To send packets while a CPU-specific SA is negotiated, a fallback SA without assigned CPU ID is used. If the kernel doesn’t find such an SA after matching a policy, it triggers an acquire without CPU ID so strongSwan can negotiate it.

As responder, strongSwan first checks if a fallback SA without CPU ID is installed. If not, it does so. Otherwise, it gets the number of available CPUs and assigns a CPU ID for which no SA has yet been installed and assigns that ID.

Note that the CPU IDs are not negotiated and the ID that’s received from the peer is only for debugging purposes. Each peer assigns its own CPU IDs to the negotiated SAs and the number of CPUs don’t have to match. So it’s possible that more SAs are negotiated than necessary on a particular host. Multiple SAs can then be assigned to the same CPU (only one of them will be used).

Configuration

Using per-CPU SAs in strongSwan requires configuring trap in <child>.start_action, so the kernel can trigger CPU-specific acquires, and enabling <child>.per_cpu_sas.

Just enabling per-CPUs SAs is not enough! It requires careful configuration of the system for best performance. Receive Side Scaling (RSS) is necessary to distribute inbound packets to the different (or even specific) network queues/CPU cores. And pinning processes/threads to specific CPU cores may also be necessary, depending on the use case (e.g. if not all CPUs can be efficiently used with a specific NIC).

Receive Side Scaling (RSS)

In order to distribute inbound packets among the available queues/CPUs and to keep specific SAs on the same CPU, Receive Side Scaling (RSS) is used. This mechanism instructs the receiving NIC to steer different flows/SAs to separate queues/CPUs.
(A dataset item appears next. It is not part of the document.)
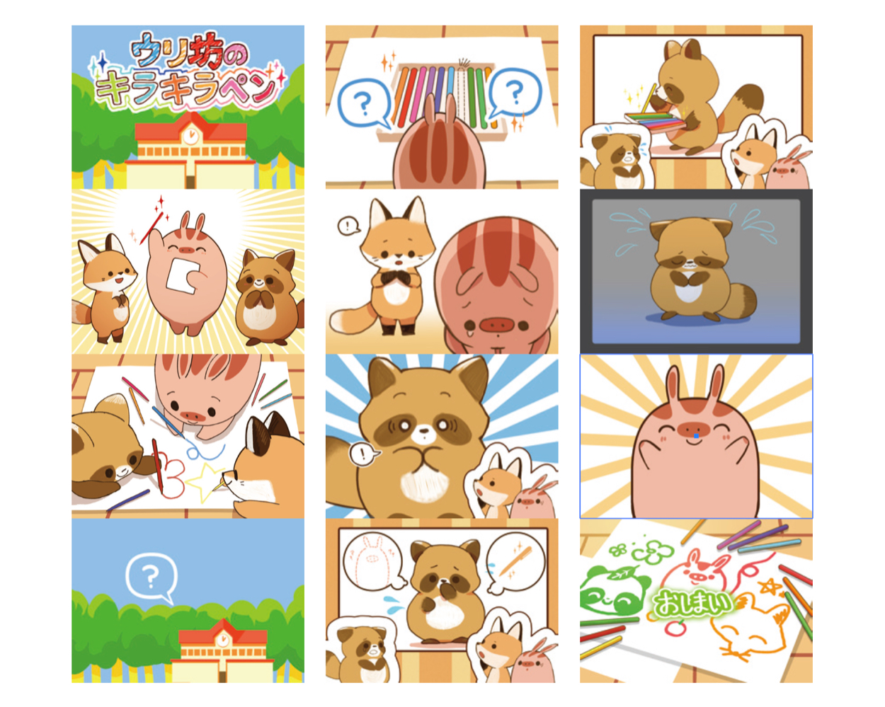 『ウリ坊のキラキラペン』アート担当 錆缶 イラストレーター OVERVIEW 子供向けドラマCD『ウリ坊のキラキラペン』(Zelfstandig)のアートを担当しました。 ジャケットデザイン、ロゴデザイン、キャラデザインなど多角的に担当させていただいております。 YEAR 2019 紙芝居イラストキャラデザイン

For NICs that support ESP natively, the flows can be identified via SPI in the ESP header:

ethtool -N <nic> rx-flow-hash esp4

Some NICs may then even support steering a specific SA to a particular queue/CPU:

ethtool -N <nic> flow-type esp4 src-ip <ip> dst-ip <ip> spi 0x<spi> action <queue>

For NICs that don’t support ESP, UDP encapsulation with random source port per SA can be used as a workaround, as described in the next section.

UDP Encapsulation for RSS

In order to help RSS implementations that can’t match SPIs in the ESP header, a special type of UDP encapsulation can be enabled for per-CPU SAs by setting <child>.per_cpu_sas to encap (this requires enabling encap explicitly for the connection if there is no NAT).

By doing so, a random source port is assigned to each outbound per-CPU SA, while the destination port for all of them remains 4500. This allows the peer to use the source port of inbound UDP-encapsulated ESP packets for RSS.
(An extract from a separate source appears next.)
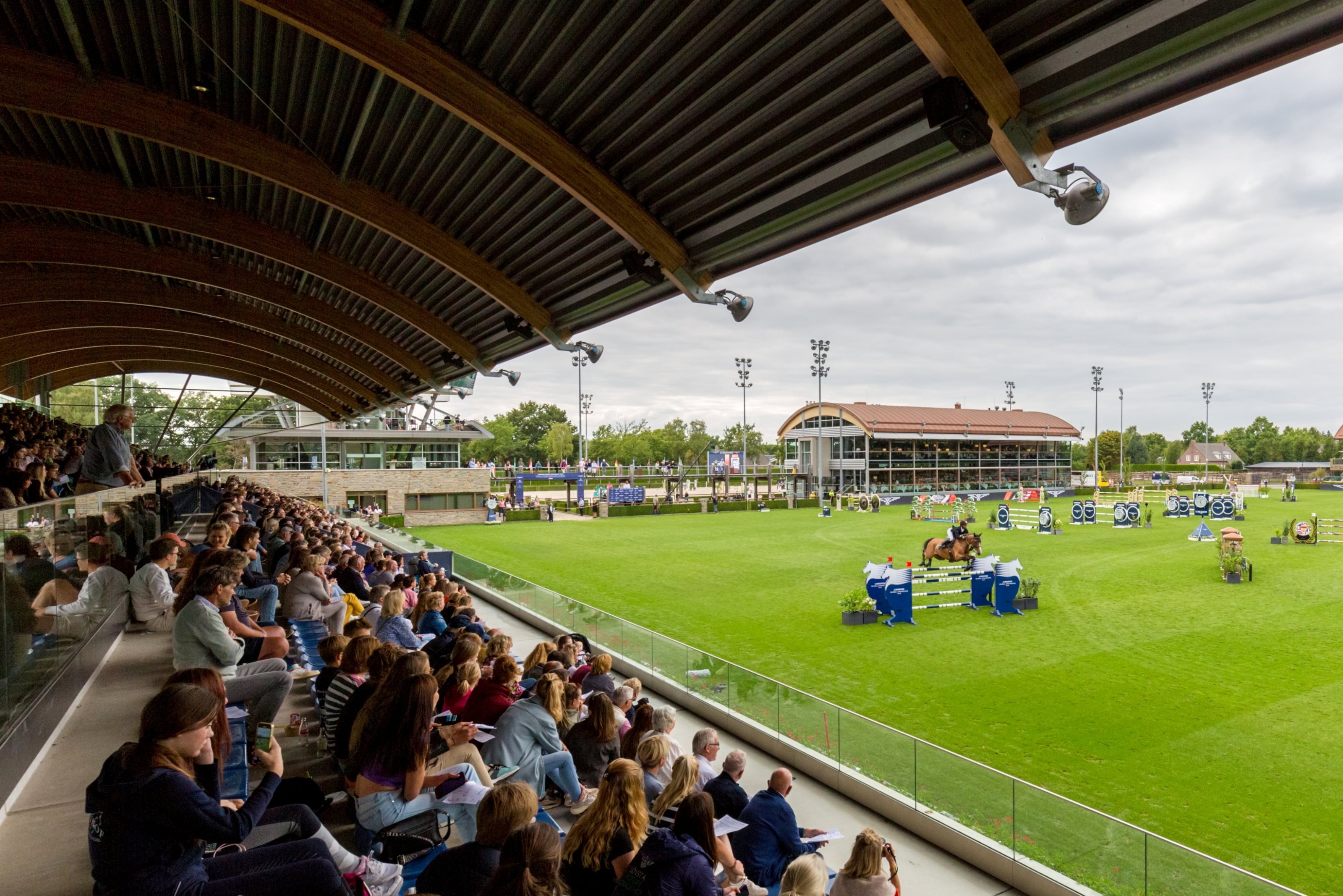 This stunning venue is of world renown and mixes cutting edge design and technology with traditional values, designed with a ‘horse first’ approach. The venue features an exceptional 125m by 85m sweeping grass arena, four further arenas featuring top class footing, canter tracks and lunging arenas, expansive warm up arenas, exceptional wash areas and facilities for grooms to provide top standard care.

This behavior is neither standardized nor negotiated. Therefore, regardless of whether it is enabled locally, inbound per-CPU SAs with UDP encapsulation always have the source port set to 0 because the peer’s random port is unknown when it has this setting enabled. NAT mapping events from the kernel are suppressed for such SAs.

With this kind of UDP encapsulation, the flows can be identified with the common UDP hasher (sdf selects the source and destination IPs as well as the first two bytes of the UDP header, i.e. the source port):

ethtool -N <nic> rx-flow-hash udp4 sdf

Depending on the NIC, it may be possible to steer a specific SA to a particular queue/CPU as follows:

ethtool -N <nic> flow-type udp4 src-ip <ip> dst-ip <ip> src-port <port> dst-port <port> action <queue>

The tricky part is that the random source port is not negotiated and won’t be known until a packet is received first.
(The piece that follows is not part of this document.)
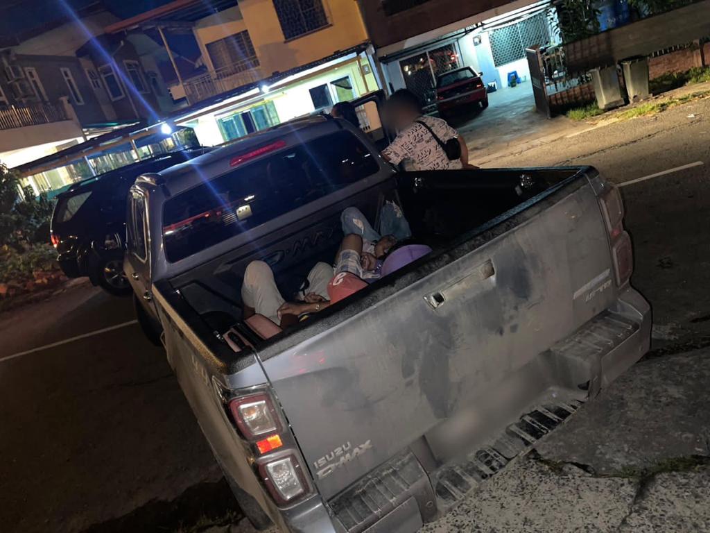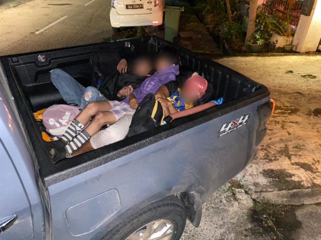 “Pemeriksaan terhadap kenderaan dilakukan dan mendapati sembilan orang berada di dalam kenderaan jenis “Double Cab” yang mana enam orang termasuk seorang kanak-kanak berada di dalam ruang dalam kenderaan manakala tiga orang bersembunyi di ruang “bucket” belakang kenderaan tersebut.

Pinning Processes/Threads to CPUs

To pin processes to specific CPUs explicitly, the commands taskset(1) or numactl(8) may be used.

taskset -pc 4-7 <pid>

The above would, for instance, restrict a running process to CPUs 4 through 7. To launch a new process restricted to specific CPUs you could use something like either of the following

taskset -c 4-7 <command>
numactl --physcpubind=4-7 <command>

Please refer to the man pages of these commands for details.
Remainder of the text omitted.